Brisk has built-in AI prompts to automate key tasks like creating lesson plans, quiz questions, and presentations. It also offers teachers tools for differentiation, like translating text and adjusting the reading level of digital texts. Other prompts give teachers a head start on offering feedback on student writing.
Screencastify is a Chrome browser extension that allows you to record, edit, and assign screencasts. While recording, use the tools to write, draw, erase, keep time, restart, or spotlight a section on the screen. There's also an option to play the audio in a tab that you're recording.
Students and teachers can start creating a full project: fiction or nonfiction books, how-to manuals with video and audio instructions, photo books, comic strips, and more. Students could also use Book Creator as a portfolio tool, assembling examples of work throughout a unit or semester.
Diffit quickly puts together resources on just about any topic you can think of. You can input a prompt for a specific topic, upload a link to a website or video, or drop in your own text, and the AI backend will create a series of resources you can use in your classroom. These resources are in printable and digital formats.
Mote is a Chrome browser extension that allows users to attach voice-recorded comments and feedback to a variety of Google-based products.

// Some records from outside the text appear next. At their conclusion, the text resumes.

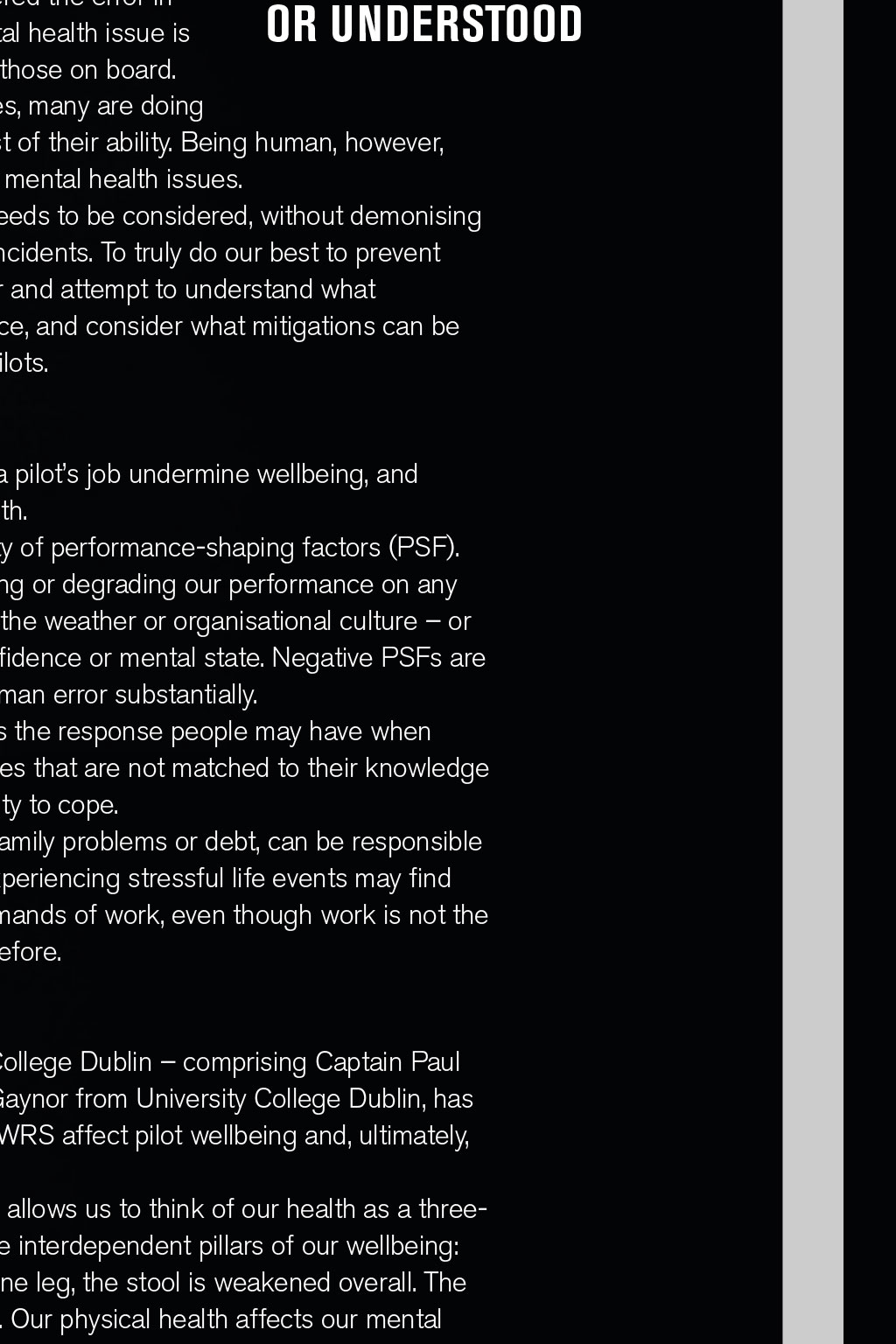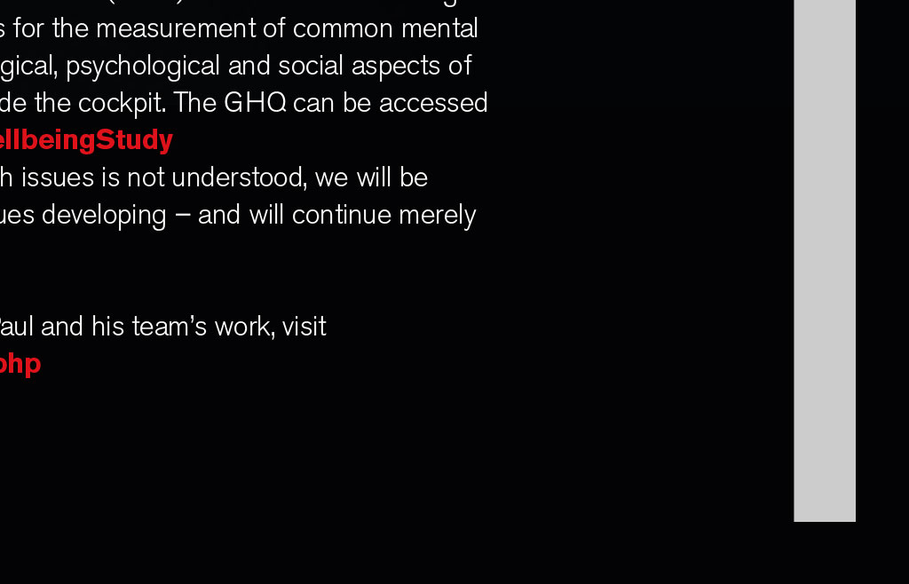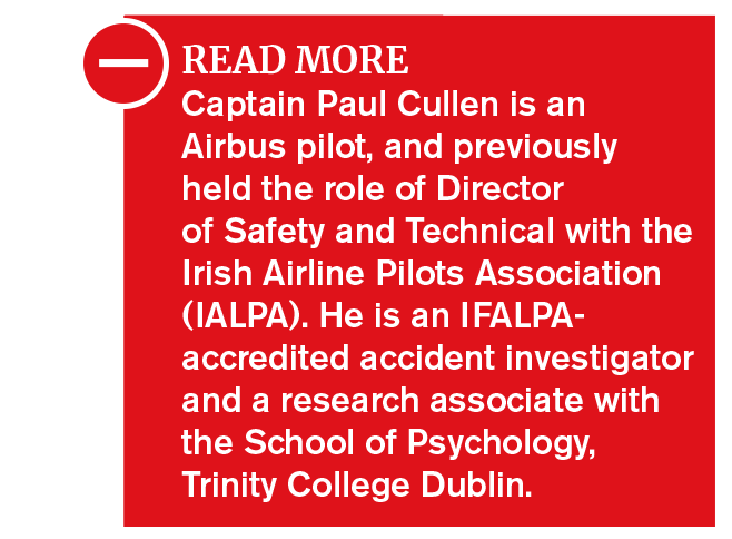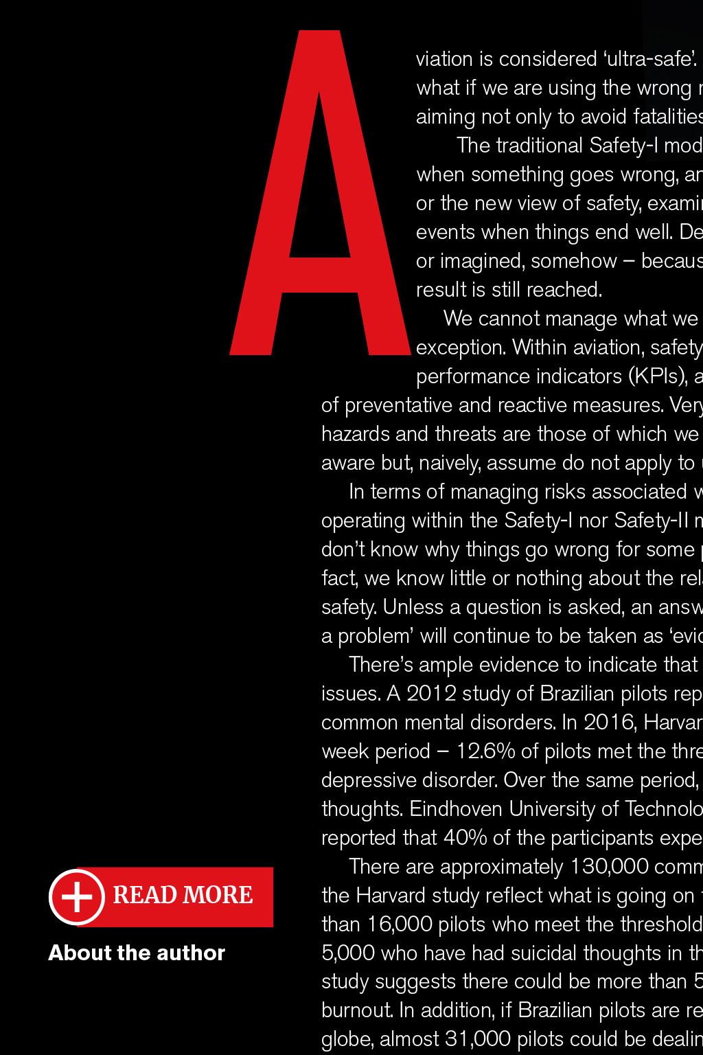 Since 2015, a research team from Trinity College Dublin has been attempting to understand how sources of work-related stress are affecting pilot wellbeing and, ultimately, impacting on performance and flight safety By Captain Paul Cullen, IFALPA-accredited Accident Investigator A READ MORE About the author viation is considered ultra-safe. Fatal accidents are exceptionally rare but what if we are using the wrongmetric to measure safety? Should we be aimingnot only to avoid fatalities, but also to do no harm in the process? SThe traditional Safety-I model focuses on the relatively rare events when something goes wrong, and things end badly. The Safety-II model, or the new view of safety, examines the relatively higher proportion of events when things end well. Despite things not going exactly as planned or imagined, somehow because of resilience in the system a safe end result is still reached. We cannot manage what we cannot measure, and safety is no exception. Within aviation, safety performance is monitored using key performance indicators (KPIs), and safety is managed using a combination of preventative and reactive measures. Very often, however, the most dangerous hazards and threats are those of which we are not aware or those of which we are aware but, naively, assume do not apply to us. In terms of managing risks associated with pilot wellbeing, we are neither operating within the Safety-I nor Safety-II model, but, instead, within Safety-ZERO. We dont know why things go wrong for some pilots, or why things go right for others. In fact, we know little or nothing about the relationship between pilot wellbeing and flight safety. Unless a question is asked, an answer will never be found, and no evidence of a problem will continue to be taken as evidence of no problem. Theres ample evidence to indicate that pilots are suffering with mental health issues. A 2012 study of Brazilian pilots reported an incidence rate of 23.7% for common mental disorders. In 2016, Harvard University reported that over a twoweek period 12.6% of pilots met the threshold for clinical depression or a major depressive disorder. Over the same period, 4.1% of pilots reported having suicidal thoughts. Eindhoven University of Technology studied British pilots and, in 2018, reported that 40% of the participants experienced high burnout. There are approximately 130,000 commercial pilots flying today. Ifthe results of the Harvard study reflect what is going on throughout the world, there could be more than 16,000 pilots who meet the threshold for clinical depression and more than 5,000 who have had suicidal thoughts in the past fortnight. Equally, the Eindhoven study suggests there could be more than 50,000 pilots flying while experiencing burnout. In addition, if Brazilian pilots are representative of their colleagues across the globe, almost 31,000 pilots could be dealing with a common mental disorder right now. NOTAMS To begin with, the flight crew were unaware or could not recall information of a runway closure at SFO. The NTSB report indicates that this pre-flight information was presented via NOTAM page eight of 27, and was the fourth line on the in-flight ACARS information. Pilots reading this will know the reality of pre-flight reviews of NOTAMs. They are not easy to digest, and there is often insufficient time to read and disentangle poorly described bits of information. This can place an intolerably heavy burden on crews to find the needle in the haystack that is relevant to their upcoming flight, particularly when priority items may be buried under pages of other irrelevant items. In this incident, the first officer did not recall a specific NOTAM about 28L closure, while the captains actions in lining up on the taxiway suggest that he did not recall that information. Hence, for this approach, both flight crew had the expectation of illuminated normally configured parallel runways 28L/28R. Expectation bias and conflicting cues The captain and first officer were experienced and familiar with the SFO runway configuration. The captain had not experienced a previous occasion in which either runway had been dark, so both flight crew expected to see two illuminated parallel runways on their descent. While there would have been light cues coming from the taxiway, such as green (not white) centreline lights and taxiway in-pavement flashing guard lights, which differ to the surface of a runway, there were also a number of visually supporting clues that fed into taxiway Cs resemblance to runway 28R. Specifically, the navigation lights on the wingtips of the aeroplanes lined up on the taxiway partially resembled the runway edge lighting, while their flashing red beacon lights were consistent with features associated with approach lighting. Another supporting cue was the presence of runway and approach lights on the actual 28R, which would have appeared to the left of the pilots primary field of vision, and hence appeared to confirm they were correctly situated with respect to the normally adjacent parallel runway 28L. This expectation bias should not be understated runway lighting aids are normally powerfully conspicuous features, but humans are vastly better at recognising salient features that pop out than detecting missing features or slightly off-hue features, particularly under night-time conditions.. The NTSB analysis also notes that while a runway closure marker a flashing white X was placed at the start of runway 28L, it would not have been in the flight crews primary field of view, and the flash rate (2.5 seconds on and off) may have been too slow to capture their attention unless they were looking in that direction. The flight crew from the preceding DA 521 flight into SFO, who were aware of the runway closure, also reported that the taxiway lights gave the impression that the surface could have been a runway, especially as no aeroplane shapes could be seen. So, even though their expectations were different a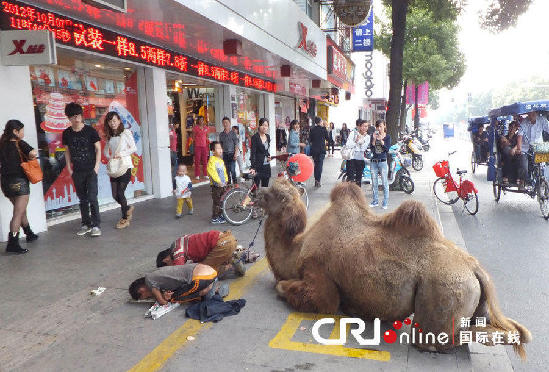 多地网友曝光断脚骆驼闹市乞讨照片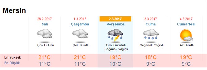 Meteoroloji Bölge Müdürlüğü'nden alınan bilgiye göre, Mersin'de hafta boyunca sıcaklık mevsim normallerinde seyredeceği ve Perşmebe ve Cuma günü ise yağışlı olacağı tahmin ediliyor.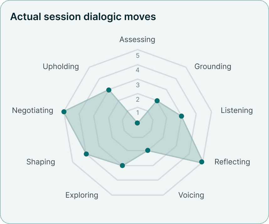 Yeltic Dialogue delivers technology enabled, experiential training designed to build measurable dialogic capability. Users engage in structured, scenario-based dialogue practice supported by AI-driven feedback and progressive development tracking.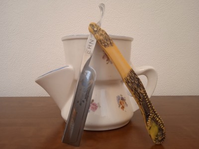 Уважаемые знатоки, прошу вашей помощи в оценке степени редкости и стоимости данной бритвы. В результатах поиска "Гугла" имеются подобные но не аналогичные. Заранее спасибо всем откликнувшимся.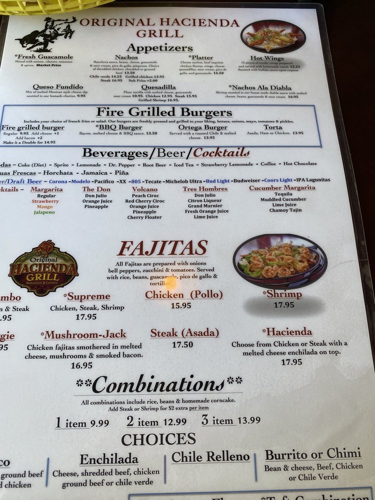 Introducing Original Hacienda Grill, a vibrant fusion of American and Mexican cuisine located in Bakersfield, CA. This salad-centric menu offers a variety of options for vegans and meat-lovers alike. The restaurant accommodates various dining preferences, from casual dining to catered events, with options for delivery, takeout, and reservations. The ambiance is family-friendly, with ample parking and outdoor seating available. Enjoy the convenience of credit card and Apple Pay transactions, as well as free Wi-Fi and a full bar with TV for entertainment. The skilled waitstaff ensures a top-notch dining experience, whether you're stopping by for lunch or dinner. Don't miss out on the drive-thru option for on-the-go dining, and feel free to bring your furry friend along, as dogs are welcome. Original Hacienda Grill is a must-visit spot for those seeking delicious flavors and a welcoming atmosphere.

Once installed on Chrome, teachers and students can use Mote to insert recordings in Google Docs, Sheets, Forms, Slides, and Classroom and in Gmail messages.
Padlet is a website and app that allows students to curate information onto virtual boards called Padlets. There are both free and paid versions. Teachers can share boards via links or QR codes, or students can create their own, but either way, blank pages quickly fill up with videos, text, links, documents, GIFs, images -- basically anything -- for other users to see.
Edpuzzle is a tool for editing online videos and adding interactive content to target specific learning objectives. Teachers can upload their own videos, add URLs, or search the built-in content library (including YouTube videos and filters for Khan Academy, TED, National Geographic, etc.). Videos can be customized with voice-over comments, embedded assessment questions, links, and more.
Pear Assessments (Edulastic) is a technology-enhanced assessment solution for teachers and school/district administrators. It is easy enough for classroom formative assessments, but can mirror state tests. It gives instant classroom data that shows who’s on track and who needs help so that they can take action and see growth.
With Kami, teachers can share files with students, and students can annotate the files including Highlight, Add Text, Draw On, Add Shapes, and more. Users can upload PDF documents, images, Google Docs or Slides, scanned textbooks, and more from their computer or from Google Drive -- or create blank documents or assignments via Google Classroom (with the paid plan).
Khan Academy, a free website aimed at promoting self-paced instruction, houses thousands of academic videos that are baked into guided, adaptive instruction. The site offers courses on a variety of topics in math, science, economics, history, the arts, language arts, computing, and test prep.
Wakelet allows you to save, organize, and share content from across the web. Save articles, videos, images, Tweets and more, organize them into stunning collections, and revisit them anywhere, anytime. Individual collections can also be shared via Google Classroom, allowing teachers to curate a list of websites students can use for projects or individual learning opportunities.
With Pixlr for Education, students and educators have access to Pixlr free from advertisements, thus are able to benefit from our ready-to-use templates, overlays, icons, decorative text and extensive editing tools.
Each user will start off with 50 AI credits, which unfortunately aren't renewable.